While the level of knowledge is generally good, people feel that they do not know enough, and there is confusion about some things. In addition material is needed in SiSwati. The most striking finding is that in-school youth have low levels of sexual activity (70% are not sexually active); the converse is true for out-of-school youth (more than 70% are sexually active). The lack of employment and recreational opportunities are also highlighted. While apparent levels of condom use are high, the report notes that condom promotion alone is not enough to stop the epidemic (it was certainly not in Uganda – the one success we have).

The social drivers include culture and women’s status. This was strongly emphasised at the workshop we held, but very little is written on the role of culture. We feel that this is a very sensitive area which requires involvement and empowerment by Swazi people. There are other factors of importance in Swaziland, including poverty, inequality and mobility. At the moment the economy is going through a very difficult stage and this will contribute to the spread of HIV. We note that it is times of transition that are most problematic. The report reviews the few recent studies of the impact of AIDS in Swaziland and notes the gaping hole – the lack of assessment of what AIDS means for the health sector. Finally it concludes by looking at drivers of Uganda’s success and implications of this for Swaziland.

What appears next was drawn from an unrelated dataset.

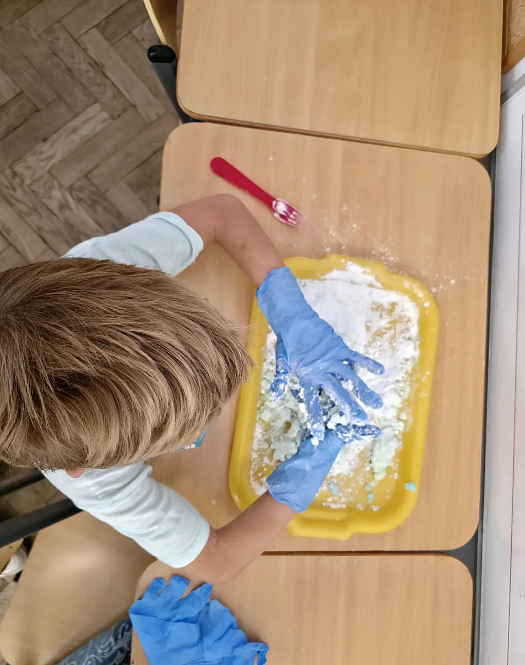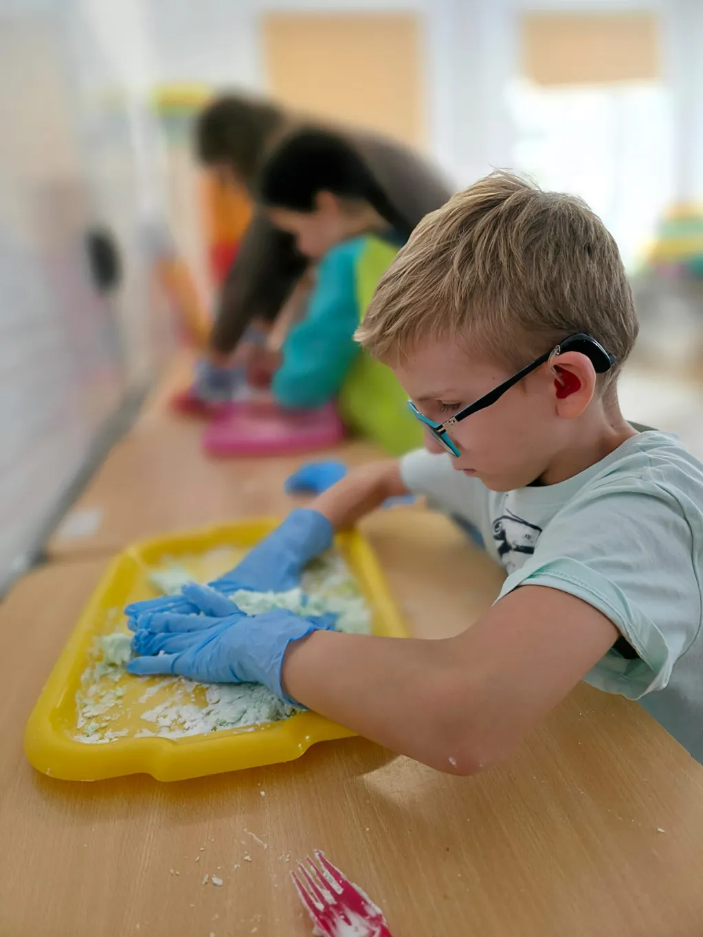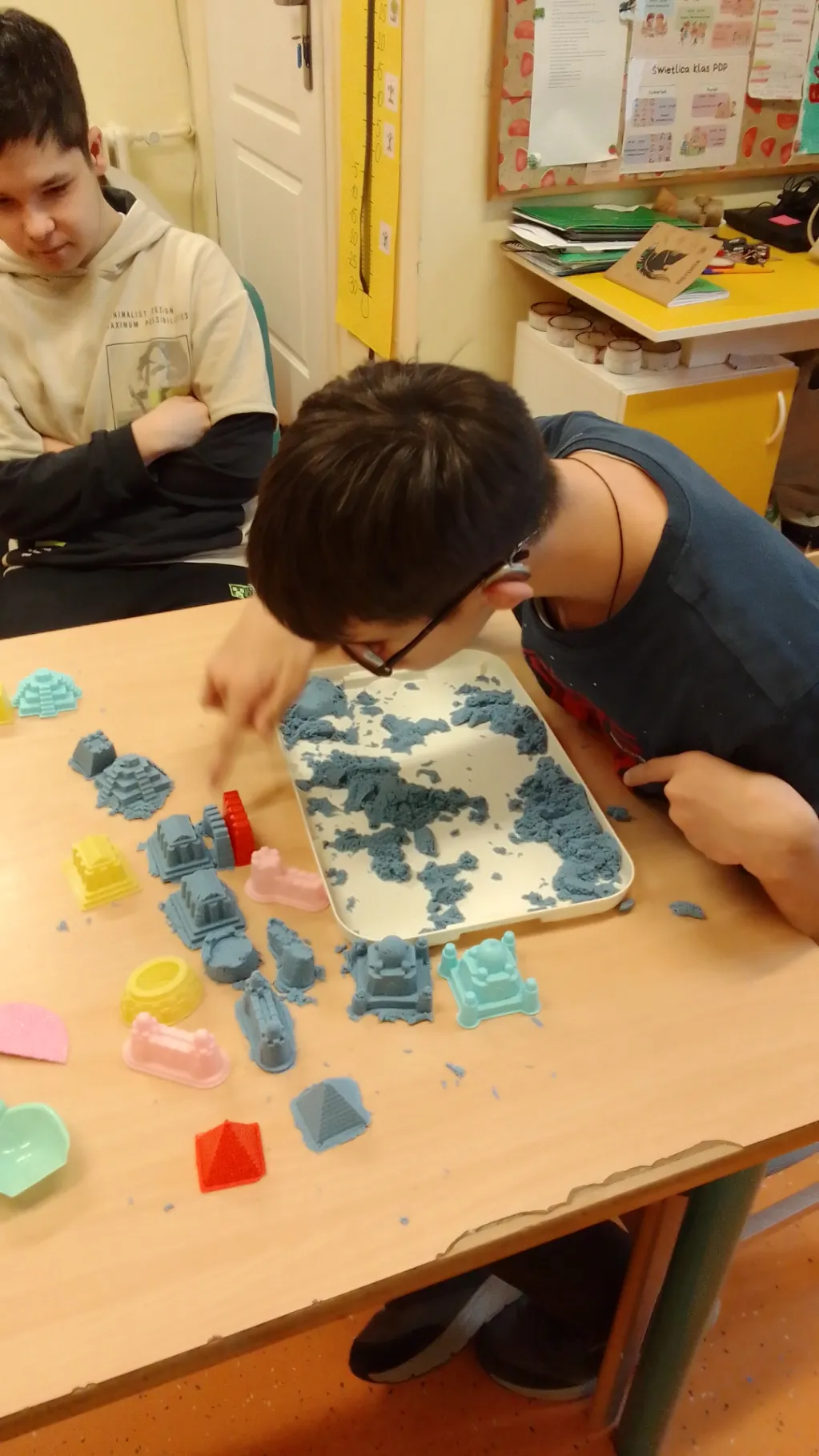 Na dzisiejszych zajęciach z masami sensorycznymi w świetlicy było kreatywnie, sensorycznie i bardzo wesoło Z okazji Dnia Kochania Siebie i zbliżających się walentynek uczniowie tworzyli prace plastyczne z soli – niektórzy przy okazji sprawdzili też, jak smakuje Na koniec, stęsknieni za ładną pogodą, zbudowaliśmy zjeżdżalnie i daliśmy się ponieść zabawie. Było dużo śmiechu i jeszcze więcej dobrej energii!

Our conclusion is that the epidemic in Swaziland is very serious, but we know what is going on. There are some gaps in the research that need to be addressed but there is enough information available now to act. The workshop we held confirmed this. The biggest issues are around poverty and culture. The issue of culture needs to be addressed squarely but sensitively and by the Swazi people. There are signs of hope. The activities of National Emergency Response Committee on HIV/AIDS (NERCHA) and the participants at our workshop were evidence of a unique and exciting mobilisation. This is one of the things that will make a difference.